Leonard grew up living primarily with his mother, but spent plenty of time, especially in the summers, with his father, who lived about an hour away and owned that car wash in Compton.

"I’m not sure what happened,” Leonard said. "I really don’t know anything other than someone random came to the car wash and shot him.”

Three years have passed and no one has been arrested in the murder. Frank Salerno of the Los Angeles County Sherriff’s Department told the Los Angeles Times that the case likely will go unsolved because of a lack of cooperation among potential witnesses.

"I think it’s better for me not knowing who it is,” Leonard said.

Leonard never talks about it with his mother. He’s a quiet, unpretentious kid who is difficult to get to know off the court — and an unrelenting warrior who plays as hard as anyone in the nation on it.

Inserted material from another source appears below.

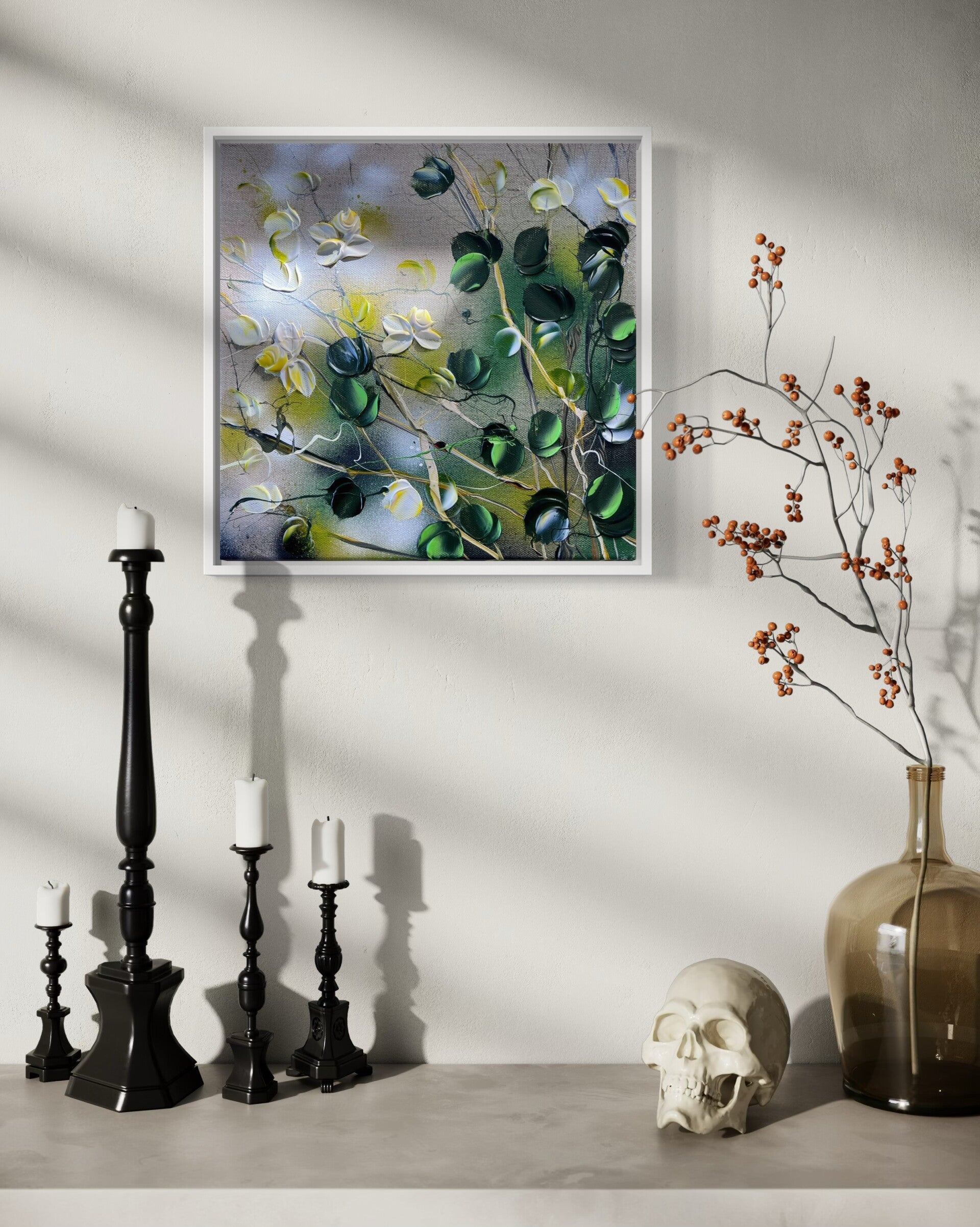 Consider these beautifully crafted, one-of-a-kind acrylic paintings with a textured finish. Each canvas measures 30x30x4 cm (11,6 x 11,6 x 1,8 in) and features a stunning floral design, showcasing vibrant roses that will captivate and inspire. Whether you're looking to add a touch of color to your home decor or surprise a special someone, these paintings make for a thoughtful and heartfelt present. With their dreamy and romantic motifs, they're sure to evoke emotions and make hearts flutter on any occasion, especially the day of love. Treat yourself or your loved ones to an original work of art that will be cherished for years to come.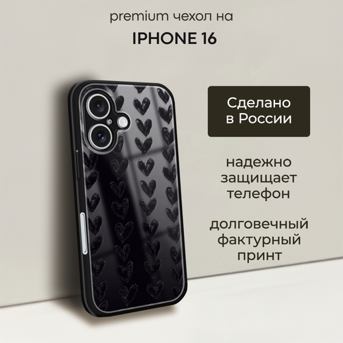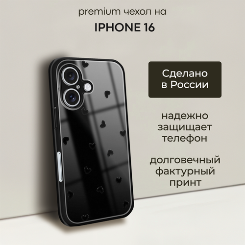 Чехол на Apple iPhone 16 / Айфон 16 с объемным принтом "Маленькие чёрные сердечки"

"I think he thinks about it,” Robertson said. "But he never mentions it. Never.”

Leonard does think about it. His eyes light up when recalling the times he’d help his father open the 100-percent hand-wash car wash at 8 a.m. and scrub until it closed around 6 p.m.

"It was hard work,” Leonard said. "But I loved it.”

He smiles when thinking about how the two would jump over the fence in the backyard and run up and down a hill in Moreno Valley for 30 minutes straight. They’d go out and throw the football and also take to the basketball court together.

"When I told him going into my sophomore year that I wasn’t going to play football anymore, he got kinda mad,” Leonard said. "He wanted me to play both — and maximize my opportunity.”

Leonard was an unheralded recruit who was being pursued by Big West programs such as UC Davis until he transferred to Riverside King prior to his junior season.

Leonard didn’t even play basketball as a freshman at Canyon Springs High after missing tryouts. Instead, he was a safety and wide receiver — and his future appeared bright on the gridiron.

But his heart was with hoops — his father eventually understood his desire to drop football.

As a junior, Leonard attracted the interest of San Diego State.

"I wasn’t as skilled, but I just outworked the next guy,” he said.

Then, his senior season, high-majors such as UCLA, USC, Arizona State, Marquette and Michigan became involved.

"I knew I was their second option and that was a big issue for me,” Leonard said. "San Diego State told me they would give me the opportunity to come in and start. They weren’t going to hand it to me and I’d have to work for it.”

That was music to Leonard’s ears.

Leonard started 33 of 34 games as a freshman last season and led the Aztecs in both scoring and rebounding.

Leonard has proven it was no fluke, this season averaging a double-double (16.0 points per game, 10.3 rebounds per game) and establishing himself as one of the nation’s top players for one of the nation’s top teams.

San Diego State is 19-0 and one of three undefeated teams — along with Ohio State and Kansas — remaining in the country.

"He’s a gym rat,” San Diego State coach Steve Fisher said. "He’s obsessed with getting better.”

Often times, coaches and members of the administration will walk by Peterson Gym early in the morning about 7 and hear the ball bouncing.

"He’ll probably be a lottery pick, for sure a first-rounder,” added one NBA executive who watched Leonard recently. "He’s got the athleticism and you just don’t find guys with that kind of motor and work ethic.”

But Leonard isn’t resting on his laurels. He deflects any questions about whether he’ll consider leaving early for the NBA and realizes how quickly everything can be taken away.

"For us to be here now, words can’t imagine how good it feels,” Leonard said. "It’s exciting to know people feel you can move up to the next level, but we’re just trying to stay focused on the task. Thinking about other things can get you off track sometimes.”

While Kawhi may not talk often about Mark Leonard, his father’s memory is one of those things that have kept him on the right track.

"I think he’d be proud of me,” Leonard said.

"I know he would,” added his mother.